Her eyes, already wide, grew impossibly larger, darting away from his penetrating stare.

“Of course not, Kayden,” she protested, her voice rising, suddenly sharp with feigned indignation. “Why would you say something like that to me? How could you even think?—?”

“Because you’ve done worse in the past, mother,” he cut her off, his voice thick with unshed tears, but laced with an edge of cold fury.
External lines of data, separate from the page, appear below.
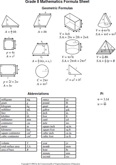 Grade 8 formula sheet (pdf) eoc algebra i formula sheet (pdf) eoc geometry formula sheet. Written requests to the virginia. All others should direct their.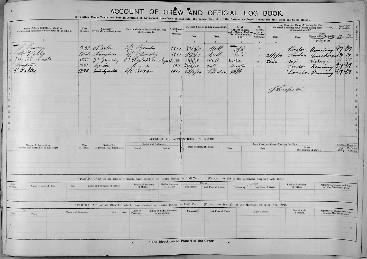 1915 crew list for the vessel 'ELIZABETH BROMLEY'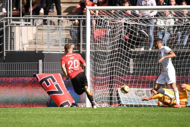 Khoảng 10 phút cuối hiệp 1, PSG tăng sức tấn công nhưng không thể tìm được bàn thắng dù cơ hội đã ở rất gần. Trái lại, đội chủ nhà bất ngờ tìm được bàn thắng sau tình huống băng vào dứt điểm của Gaetan Laborde. Đây là cầu thủ thứ hai trong lịch sử Ligue 1 ghi ít nhất 3 bàn với 2 CLB khác nhau trong một mùa giải (3 với Montpellier, 3 với Rennes).

The memories of Kim and other manipulations flashed through his mind, hot and bitter. His head was spinning, theworld tilting on its axis. This was all wrong.Lana wouldn’t. Could she?

“I swear to you, Kayden. On everything,” Maureen insisted, her hand rising to her chest, her words a desperate scramble to reassure. “I don’t know what happened. She was here when we left, and she didn’t give any indication that she was going to leave you.”

Kayden ran both hands through his hair, tugging at the roots, a silent scream of frustration. He grabbed his cell phone, his thumb slamming down on the screen. He hit “Lana,” the contact shining like a beacon of false hope, but the phone just rang. Each trill was a spike of agony, a confirmation of her absence.

“Please pick up the phone, baby. Pick up!” His voice was a ragged whisper of a prayer.

He pressed the call button again, his desperation mounting, but only got the generic, tinny voicemail message.This person is unavailable.

“Damn it!” he screamed, a primal roar that tore through the air.

With a wild, desperate cry, he brought the phone down, smashing it to the imported hardwood floor, where it erupted into a hundred glittering pieces. The sharp, violent crack startled Maureen, making her jump, and a small cry escaped her lips. She had never seen him react that way before about anything, not even the news of his brother’s accident, only a quiet, simmering rage then. This was different.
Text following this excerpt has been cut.